• _Listed entries_:
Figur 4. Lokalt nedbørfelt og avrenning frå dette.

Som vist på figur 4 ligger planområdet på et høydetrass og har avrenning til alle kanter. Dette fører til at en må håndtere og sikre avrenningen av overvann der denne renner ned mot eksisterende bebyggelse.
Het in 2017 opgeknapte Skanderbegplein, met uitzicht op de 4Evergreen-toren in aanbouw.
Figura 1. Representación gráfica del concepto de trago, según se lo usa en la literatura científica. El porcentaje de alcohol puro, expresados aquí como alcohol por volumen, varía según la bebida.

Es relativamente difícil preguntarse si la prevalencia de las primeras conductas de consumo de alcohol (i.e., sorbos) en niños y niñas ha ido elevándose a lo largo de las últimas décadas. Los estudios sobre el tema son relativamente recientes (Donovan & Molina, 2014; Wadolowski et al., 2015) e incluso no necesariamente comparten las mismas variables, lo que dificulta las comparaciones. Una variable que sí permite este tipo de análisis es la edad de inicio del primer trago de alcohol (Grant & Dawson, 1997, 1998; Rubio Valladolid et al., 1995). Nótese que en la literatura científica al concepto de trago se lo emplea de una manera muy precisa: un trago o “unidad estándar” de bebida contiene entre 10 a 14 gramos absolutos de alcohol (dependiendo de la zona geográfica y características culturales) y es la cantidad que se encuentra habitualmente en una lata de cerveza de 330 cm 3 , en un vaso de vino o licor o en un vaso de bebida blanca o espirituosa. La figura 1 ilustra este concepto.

---

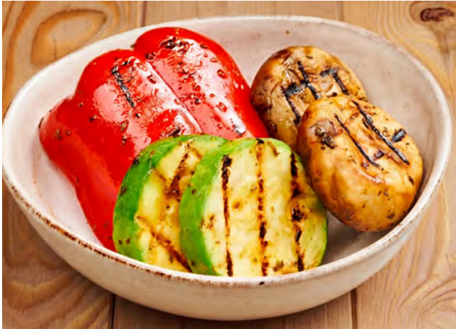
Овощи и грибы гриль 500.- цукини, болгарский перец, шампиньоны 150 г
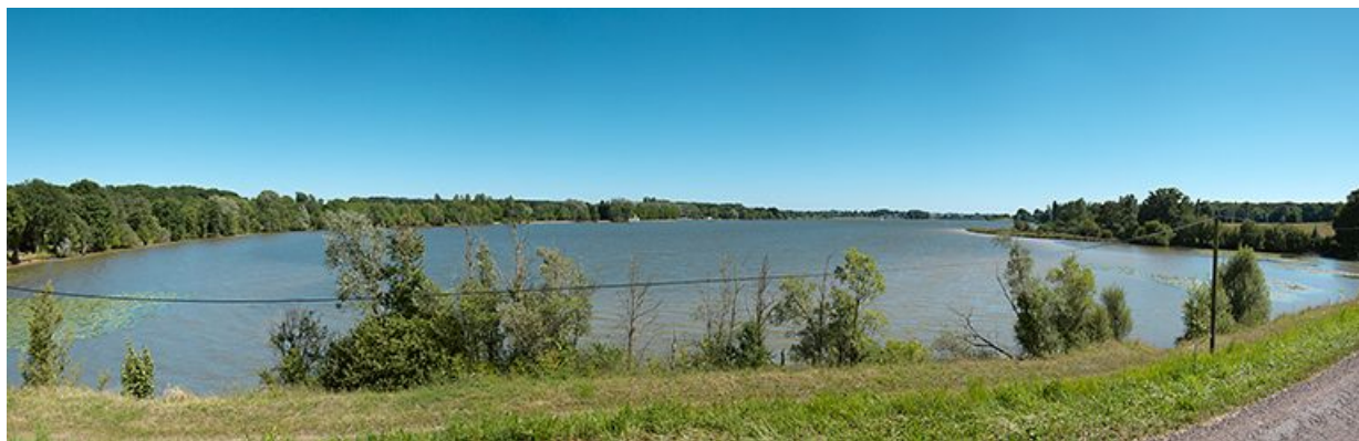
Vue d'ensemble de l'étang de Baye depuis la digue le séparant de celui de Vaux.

• _Problem_: Please return all lines in the material above that include the word "avrenning".

• _Response to the task_:
Figur 4. Lokalt nedbørfelt og avrenning frå dette.
Som vist på figur 4 ligger planområdet på et høydetrass og har avrenning til alle kanter. Dette fører til at en må håndtere og sikre avrenningen av overvann der denne renner ned mot eksisterende bebyggelse.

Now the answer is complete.